**TASK DATA:**
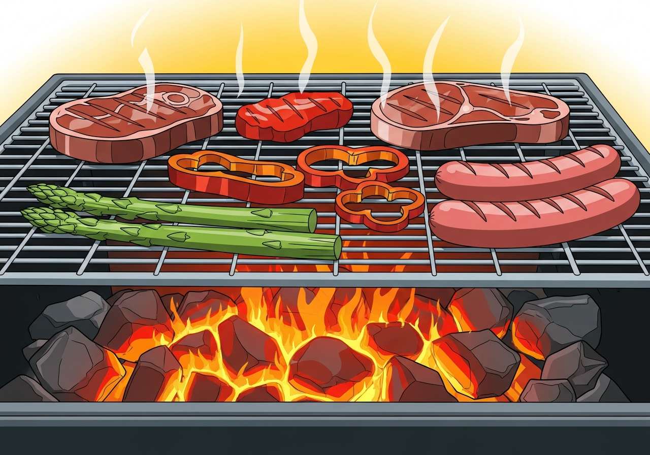 A metal framework or appliance with parallel or crossed bars used for cooking food over direct heat
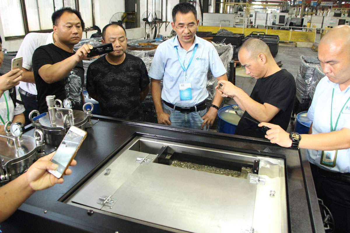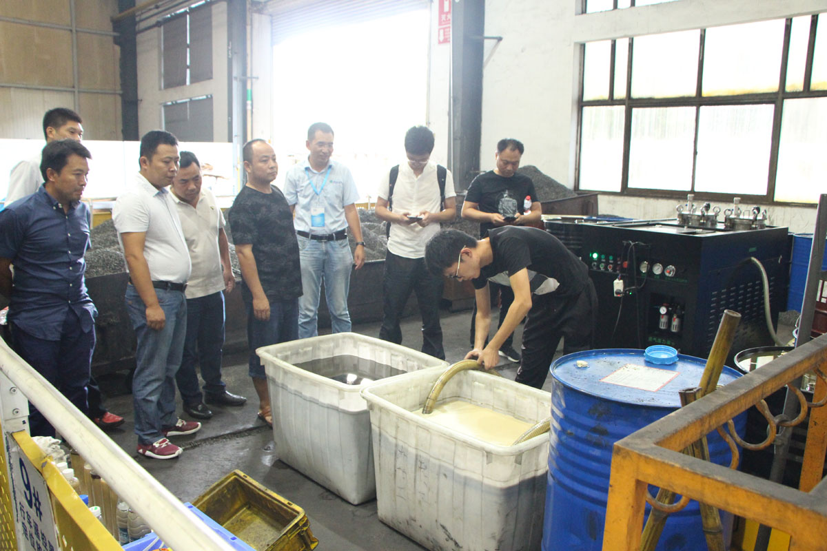 下午,經銷商來到杭州臨安的應用現場參觀。張總向經銷商介紹了“凈來利”切削液凈化回收的整個過程,更加直觀地展現了設備工作流程,經銷商的印象更加深刻。設備經過一段時間的運行,切削液處理前后的效果非常明顯,大量的浮油和溶解油被分離,異味也被清除。
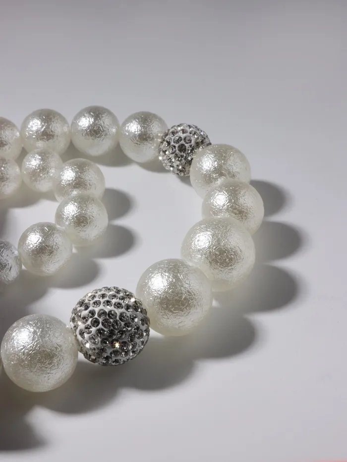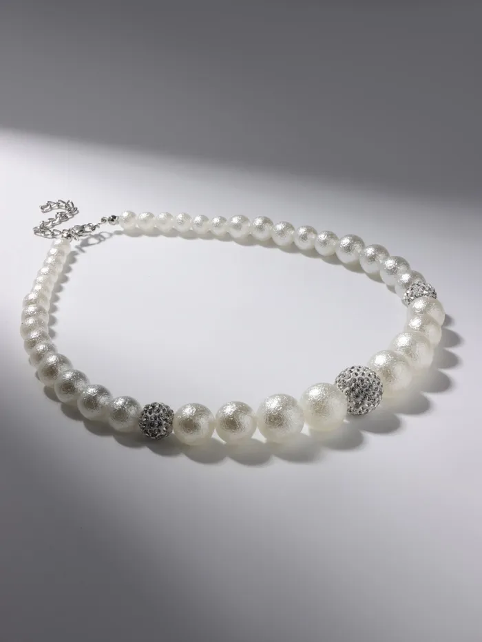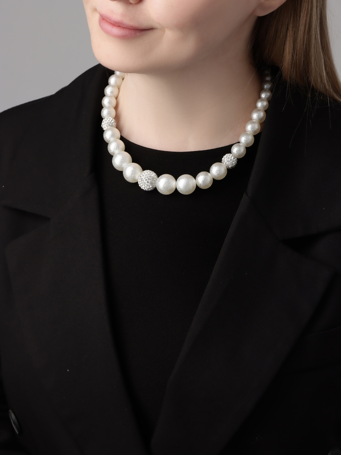 Бусы «Жемчуг» с шамбалой, текстура, бусины №8, 16, белые в серебре, 38 см — Характеристики
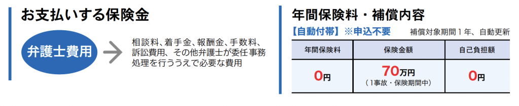 昨年9月にフリーガルが自動付帯になってからは、保険料支払い負担は無い一方で、保険利用時(弁護士利用時)は請求金額の40%を自身でご負担いただく免責がありました。
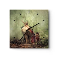 Horloge murale - Pendule murale - Enfants avec un éléphant dans une forêt verte à la lumière du matin - 30x30cm - Nouveau livre de la jungle - Décoration murale moderne pour le salon et la chambre ARTTOR
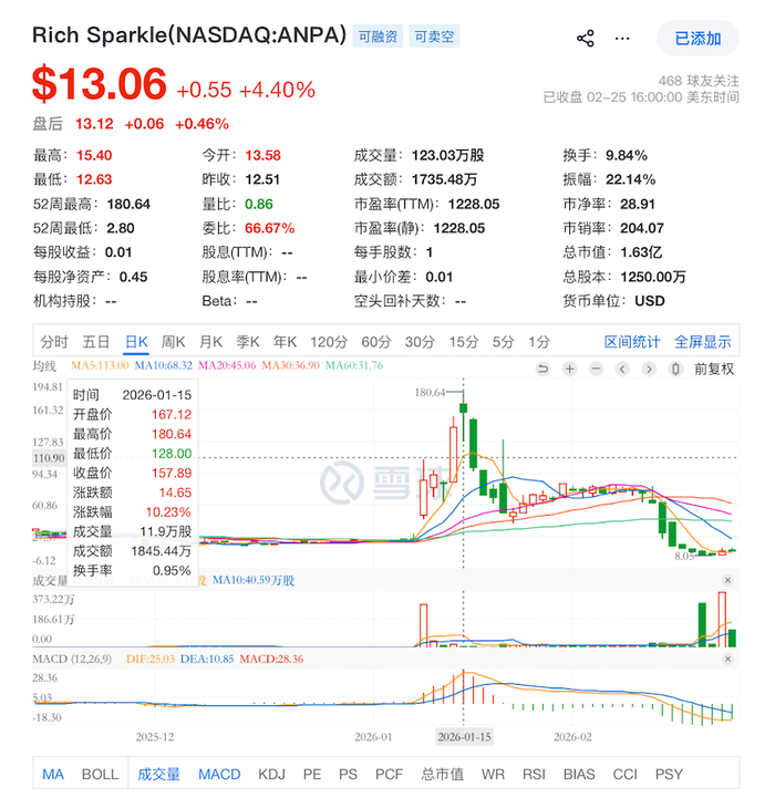 随着“上市”传闻被澄清,市场焦点转向ANPA本身。这家体量并不大的纳斯达克公司,在宣布9.75亿美元并购后股价一度暴涨,又在短时间内大幅回落。情绪退潮之后,估值、整合能力与业绩兑现,成为下一阶段更现实的问题。
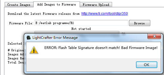 应用GUI的creat创建好图像后,在Add image to firmware按钮browse图像时出像错误“ERROR:Flash Table Signature doesn't match!Bad Firmware Image!”,请高手帮忙解释一下,谢谢!
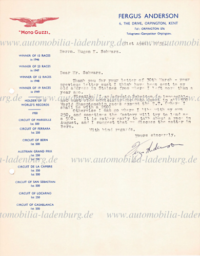 Handsigniertes Schreiben von Fergus Anderson an Eugen K. Schwarz, betreffend Absage zur Teilnahme an Rund um Schotten 1951, datiert 21.April.1951
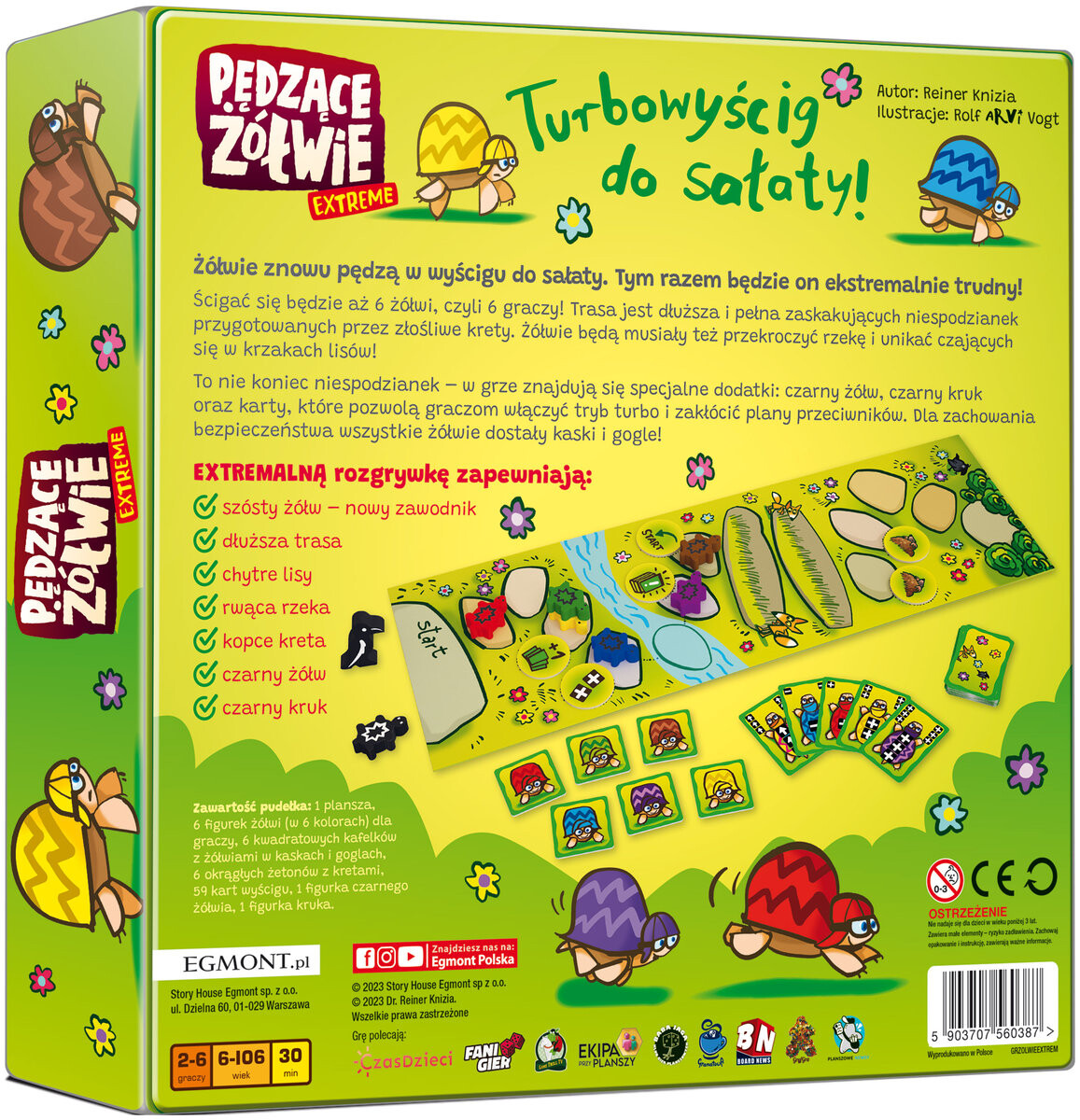 Черепахи снова участвуют в салатной гонке, но на этот раз это будет чрезвычайно сложно. В гонке будут участвовать целых 6 черепах, то есть 6 игроков! Маршрут более длинный и полон неожиданных сюрпризов, подготовленных злобными кротами. Черепахам также придется пересечь реку и избежать встречи с лисой, скрывающейся в кустах!
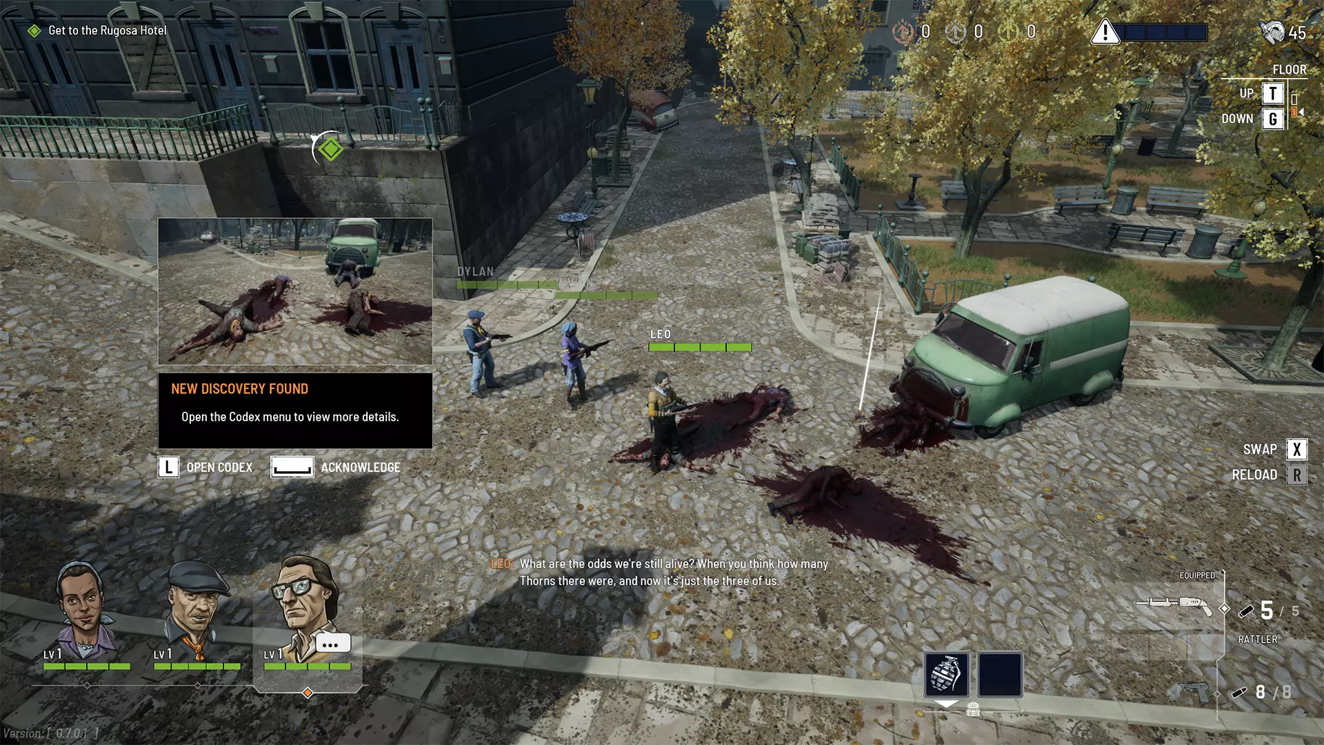 《永不落败》中的城市探索采用自由漫游模式,你可以探索地图上任何已解锁的区域,发现新地点,在街道和建筑中搜寻战利品,调查发现物以揭开入侵前冲突的细节,获取经验值提升团队等级。 在鲁戈萨城移动时,可使用WASD键控制方向,按住鼠标中键旋转镜头,或通过QE键调整视角以适应狭窄街道。若想在鲁戈萨的街道上快速移动,按住空格键即可 sprint。 在战斗或探索中遇到多层建筑时,滚动鼠标中键可升降视角,查看相邻楼层。你也可以使用T键查看上层,或使用G键查看下层。最后,使用TAB键可随时切换荆棘小队的领队。

**PROBLEM TO WORK ON:** Transcribe the data exactly, minus any images.

**TASK RESPONSE:**
 A metal framework or appliance with parallel or crossed bars used for cooking food over direct heat
 下午,經銷商來到杭州臨安的應用現場參觀。張總向經銷商介紹了“凈來利”切削液凈化回收的整個過程,更加直觀地展現了設備工作流程,經銷商的印象更加深刻。設備經過一段時間的運行,切削液處理前后的效果非常明顯,大量的浮油和溶解油被分離,異味也被清除。
 Бусы «Жемчуг» с шамбалой, текстура, бусины №8, 16, белые в серебре, 38 см — Характеристики
 昨年9月にフリーガルが自動付帯になってからは、保険料支払い負担は無い一方で、保険利用時(弁護士利用時)は請求金額の40%を自身でご負担いただく免責がありました。
 Horloge murale - Pendule murale - Enfants avec un éléphant dans une forêt verte à la lumière du matin - 30x30cm - Nouveau livre de la jungle - Décoration murale moderne pour le salon et la chambre ARTTOR
 随着“上市”传闻被澄清,市场焦点转向ANPA本身。这家体量并不大的纳斯达克公司,在宣布9.75亿美元并购后股价一度暴涨,又在短时间内大幅回落。情绪退潮之后,估值、整合能力与业绩兑现,成为下一阶段更现实的问题。
 应用GUI的creat创建好图像后,在Add image to firmware按钮browse图像时出像错误“ERROR:Flash Table Signature doesn't match!Bad Firmware Image!”,请高手帮忙解释一下,谢谢!
 Handsigniertes Schreiben von Fergus Anderson an Eugen K. Schwarz, betreffend Absage zur Teilnahme an Rund um Schotten 1951, datiert 21.April.1951
 Черепахи снова участвуют в салатной гонке, но на этот раз это будет чрезвычайно сложно. В гонке будут участвовать целых 6 черепах, то есть 6 игроков! Маршрут более длинный и полон неожиданных сюрпризов, подготовленных злобными кротами. Черепахам также придется пересечь реку и избежать встречи с лисой, скрывающейся в кустах!
 《永不落败》中的城市探索采用自由漫游模式,你可以探索地图上任何已解锁的区域,发现新地点,在街道和建筑中搜寻战利品,调查发现物以揭开入侵前冲突的细节,获取经验值提升团队等级。 在鲁戈萨城移动时,可使用WASD键控制方向,按住鼠标中键旋转镜头,或通过QE键调整视角以适应狭窄街道。若想在鲁戈萨的街道上快速移动,按住空格键即可 sprint。 在战斗或探索中遇到多层建筑时,滚动鼠标中键可升降视角,查看相邻楼层。你也可以使用T键查看上层,或使用G键查看下层。最后,使用TAB键可随时切换荆棘小队的领队。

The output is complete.